This slice of good news, albeit five or six years later than many economists thought it would happen, disguises how the better off have thrived compared to those on the bottom rung of the income ladder. For instance the richest 10% spent more on wine per week (£9.40) than the poorest 10% spent on water (£7.30). In the same vein, the richest 10% spent £59.40 on “furniture and furnishings, carpets and other floor coverings” to almost match how much the poorest 10% spent on rent (£62.70). Challenging the idea that the poorest waste their money on booze and cigarettes, the survey found that the richest 10% devote twice as much of the weekly shop (£17.50) to “alcoholic drinks, tobacco and narcotics” as the poorest. But it is the new rich, the 65- to 74-year-olds that really catch the eye.

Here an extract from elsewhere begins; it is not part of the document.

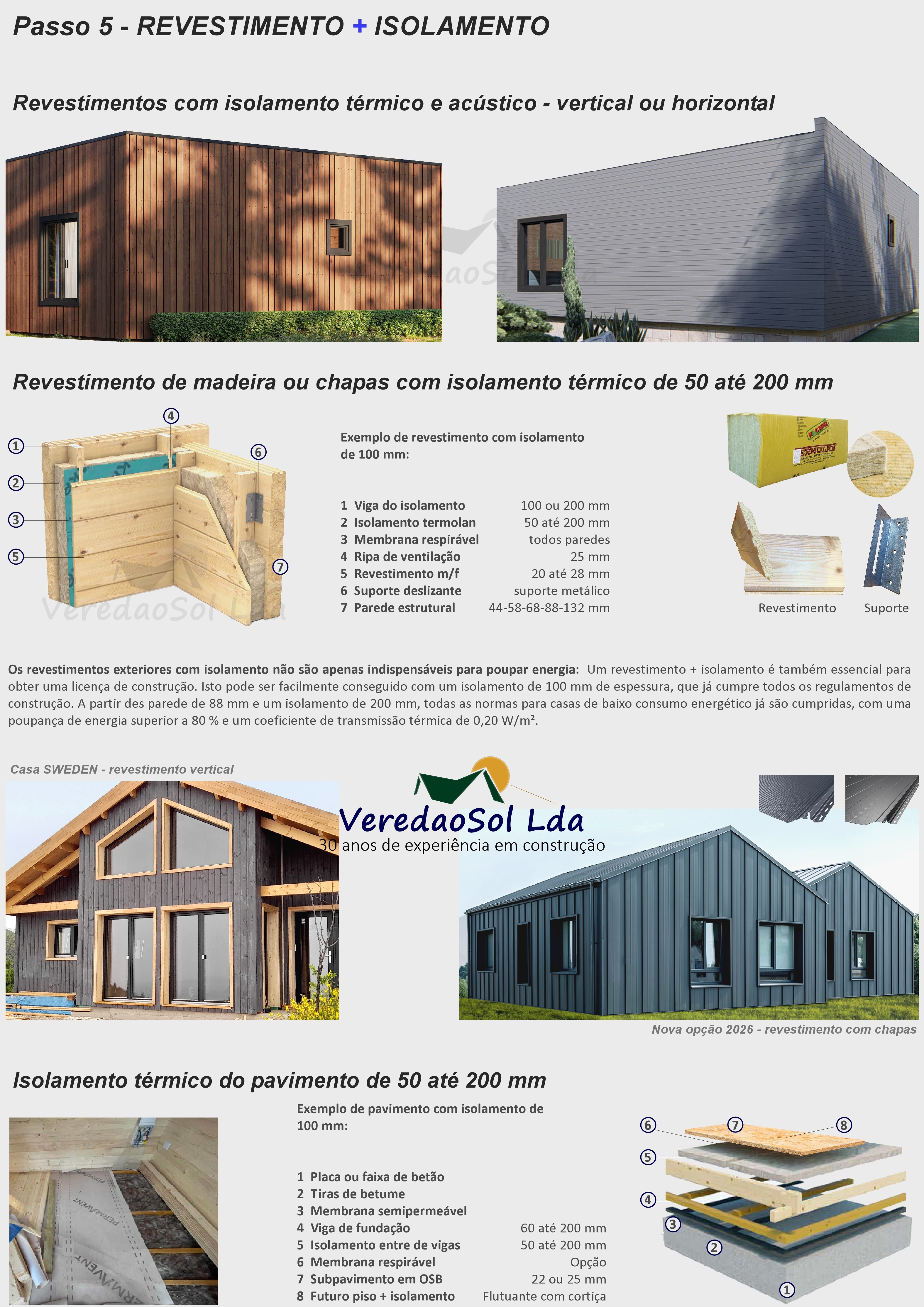Dependendo do tipo de construção, poderá ser necessária uma parede exterior adicional, especialmente para garantir uma proteção ideal a uma casa de madeira contra condições meteorológicas adversas, como chuva forte. A proteção total contra a chuva só é garantida em casas de madeira com paredes com, pelo menos, 88 mm de espessura. Embora a maioria das casas com paredes de 58 a 68 mm não tenha problemas durante chuvas fortes, as paredes altas das empenas, em particular, devem ser equipadas com um revestimento adicional, que pode ser construído com ou sem isolamento. Os revestimentos exteriores adicionais, com ou sem isolamento, e os isolamentos de pavimentos, são descritos no Passo 5. O revestimento pode ser instalado diretamente ou numa data posterior. Em edifícios com licença de construção, é necessário um revestimento exterior com 100 mm de isolamento para cumprir os regulamentos de construção portugueses. Teremos todo o prazer em aconselhá-lo...

Their spending might not match that of the top 10%, yet it significantly powers ahead of anything the average 20-something can muster on areas like entertainment and recreation. The figures show that people in the 10 years from their 65th birthday go on a spending binge that means devoting nearly a fifth of their total expenditure on recreation and culture, double the 10% spent by the under-30s. This is the final salary pension bonanza that can only be described as a once in a generation spending boost. The same applies to those of all ages on below average incomes. They increased their spending by a startling 7% on the previous year, far more than the 1% increase across the richest half of households. Unfortunately they managed this largely by running down savings and taking on extra debt.

As banks, under instruction from the financial regulator, rein in their lending, debt-fuelled spending should be considered a one-off boon, just like the final salary payout. However, that seems unlikely. Banks remain dependent for profit on lending.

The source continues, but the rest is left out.